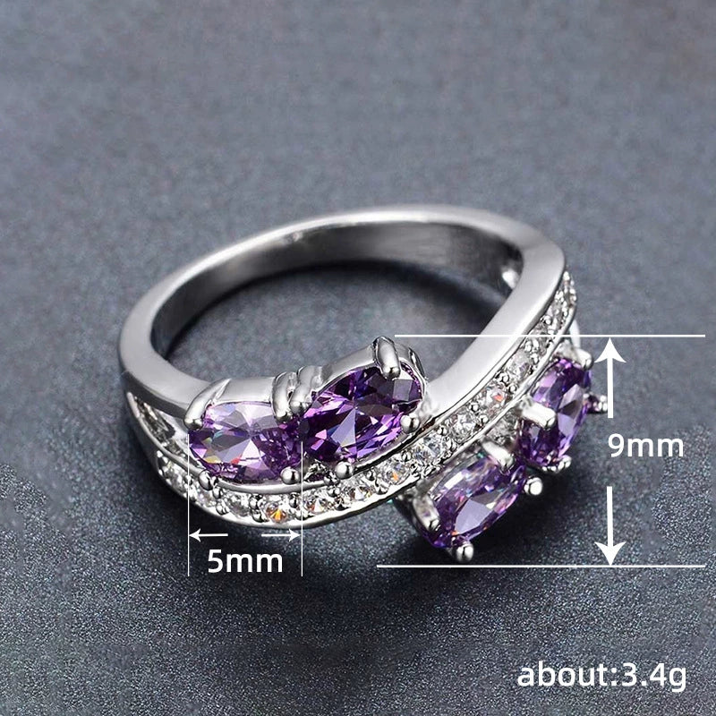 Women's French Romantic Purple Zircon Geometric Copper Ring Accessories
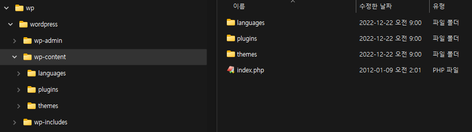 wp-content 폴더로 이동 후, languages 폴더를 docker에서 설정한 wordpress\wp-content 디렉터리에 업로드합니다.
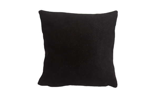 Housse de coussin en cuir d'agneau velours noir avec motifs métallisés sur une face et cuir d'agneau velours noir pailleté sur l'autre face.
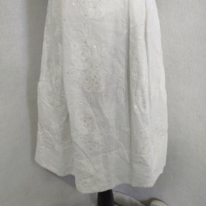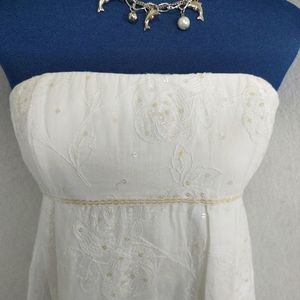 Strapless dress, with empire waist, is detailed with embroidery and sparatically placed sequins

•••••

### [Task statement]
Copy out every line of the data exactly, leaving the images behind.

### [Output below]
 Women's French Romantic Purple Zircon Geometric Copper Ring Accessories
 wp-content 폴더로 이동 후, languages 폴더를 docker에서 설정한 wordpress\wp-content 디렉터리에 업로드합니다.
 Housse de coussin en cuir d'agneau velours noir avec motifs métallisés sur une face et cuir d'agneau velours noir pailleté sur l'autre face.
 Strapless dress, with empire waist, is detailed with embroidery and sparatically placed sequins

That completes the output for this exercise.